The winery's repertoire has won at least 50 awards in wine-judging contests.
Mission Mountain's sales have grown 5 to 6 percent each year, although Campbell declined to discuss dollar figures.
Meanwhile, two new wineries - Lolo Peak and Ten Spoons - opened in 1997 and 2000 in the Missoula area.
With wineries mushrooming in the Pacific Northwest, Campbell has to stay ahead of the competition.
What will be the new wine-sipping tastes in 2008 or 2010? Campbell's instincts are cueing on strong identifiable fruity flavors - complex blends with several tastes emanating from a sip.
"I'm trying to get ahead of the curve. If you follow the bandwagon, you're always behind," Campbell said. "I have to ask myself: 'Where is this trend going. Can I ferret out the next great idea. Can I do it well?'"

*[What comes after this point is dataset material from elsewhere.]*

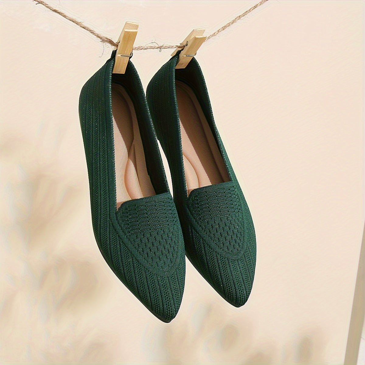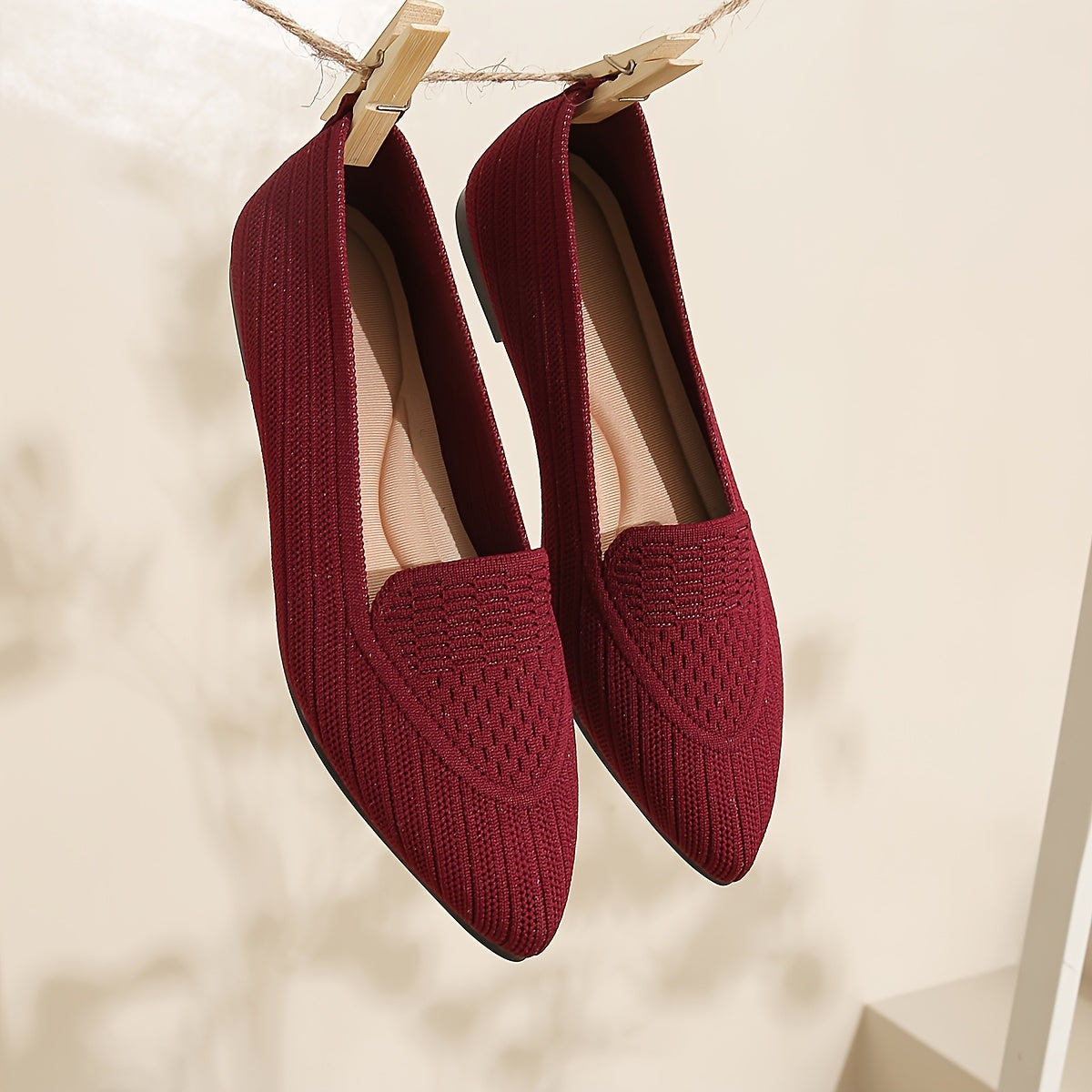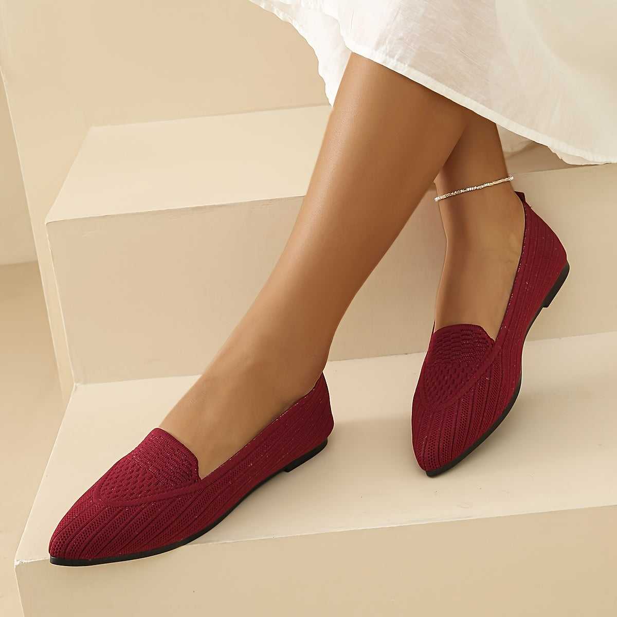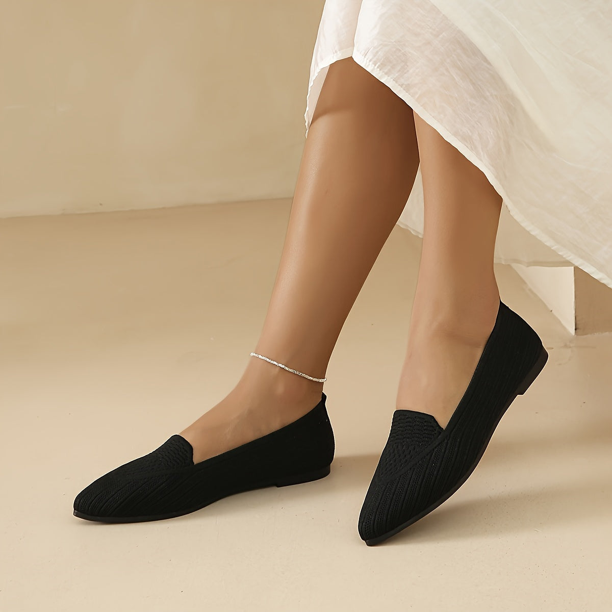 Ayollar uchun mustahkam ranglarda yumshoq, engil to'qilgan tekis poyabzal, nuqtali barmoq va havo o'tkazuvchi dizayn bilan.

"I want to do the whole nine yards like Tom does," Gino Casselli said.
That includes setting up a winery, calling it some variation of the "Casselli-Ravalli" winery. The Cassellis admire Father Anthony Ravalli, a missionary priest and pharmacist who lived in western Montana from 1845 to 1884. Ravalli County is named after him.
The Casselli's daughter, Diana, has a biology degree and plans to start working on an oenology degree at the University of California at Davis this fall. She hopes to tap into California winemaking expertise and then become the head of winemaking at her parents' operation when it expands beyond its initial 3/4-acre plot.
Meanwhile, plenty of work still has to be done.
A permanent watering system must be built. So do trellises for the eventual vines.
Bears and deer love to eat grapes. Cattle might wander through the plants.
So a top priority is to build a fence to keep out the critters.
Eventually, the Cassellis hope a house and winery will occupy the pasture around the vineyard.
"I'm hoping the next 10 years will fly by pretty fast," Casselli said.